И Женька, и Люба, не говоря уже о Соне Левиной, Люсю отговаривали, за глаза уничижительно называя Жебета «этот мозг». Аргументы приводились разные, в основном по запросам: некрасив, надменен, небогат, неприветлив, недобр, нещедр, не, не и еще раз не.
– Он с нами не здоровается! Смотрит прямо в лицо и типа не узнает! – вопили петровские соседки по комнате двести семь.
– Он близорук.
– Ты тоже близорука!
Осторожно, чтобы не вызвать раздражения вспыльчивого Жебета, Люся поинтересовалась, отчего, мол, да почему. Ответ Павлика пролился, как бальзам на душу. По словам Петровой, он и определил исход дела – свадьбе быть.
– Ты не здороваешься с моими подругами. Почему?
– Я их не знаю.
– Как же не знаешь? Я же знакомила, – оторопев, произнесла Люся. – Может, ты плохо видишь, поэтому не узнаешь?
– Я хорошо вижу. Я их просто не запомнил.
– Ну как же? – начинала закипать Петрова. – Я же тебя каждой представила: это Соня, это Люба, это Женя.
– Представила, но это неважно.
– Как неважно?
– Я помню только твое лицо. Все остальное – неважно. И когда я иду по коридору, и когда я сижу на лекции, и когда я читаю, я помню только твое лицо .
Последние три слова Жебет отчеканил, как психиатр на сеансе гипноза. И Люся поддалась.

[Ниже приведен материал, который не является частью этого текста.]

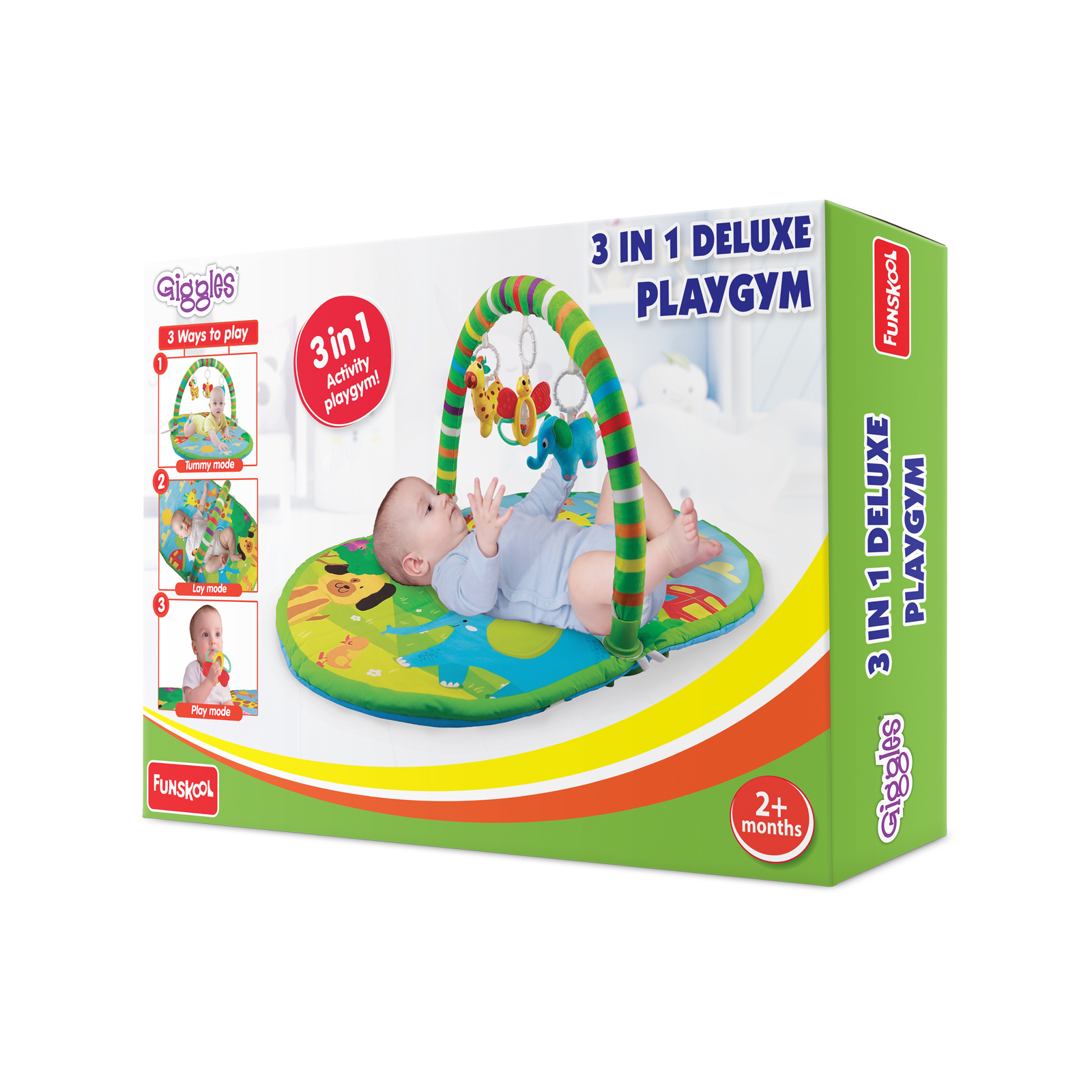 This Deluxe Playgym comes with 3 modes-lay&play, tummy-time and sit&play. To keep the baby busy and curious, 3 toys come into action-Elephant squeaker, Butterfly teether-rattle and Giraffe rattle. When the play is done, the Playgym can be folded for easy portability and storage

Объяснение в любви прошло буднично: без цветов и поцелуев. Павлик встречал Петрову с дежурства. Люся шла, покачиваясь, то ли от усталости, то ли от весны. Навстречу попадались парочки: кто, обнявшись, кто, взявшись за руки, некоторые даже умудрялись поцеловаться на ходу. Жебет вел девушку под локоть и самозабвенно рассказывал о предложении Дыбенко:
– Но я отказался.
Петрова, устыдившись собственной глухоты, переспросила:
– Отказался? Почему?
– Во-первых, в аспирантуру надо идти, когда за плечами есть хотя бы какой-то опыт практикующего врача. Во-вторых, у меня другие планы на ближайшее время.
– Какие? – поинтересовалась Люся.
– Я бы хотел создать семью, – ответил Павлик, словно излагая параграф вводной главы из учебника «Этика и психология семейной жизни». – И ты мне для этого подходишь.
– Я? – изумилась будущая невеста.
– Да, Людмила, ты, – торжественно произнес Жебет, храня верность избранному стилю.
– Это предложение?
– Это предложение.
– Но для этого нужно испытывать какие-то чувства! – сопротивлялась Петрова.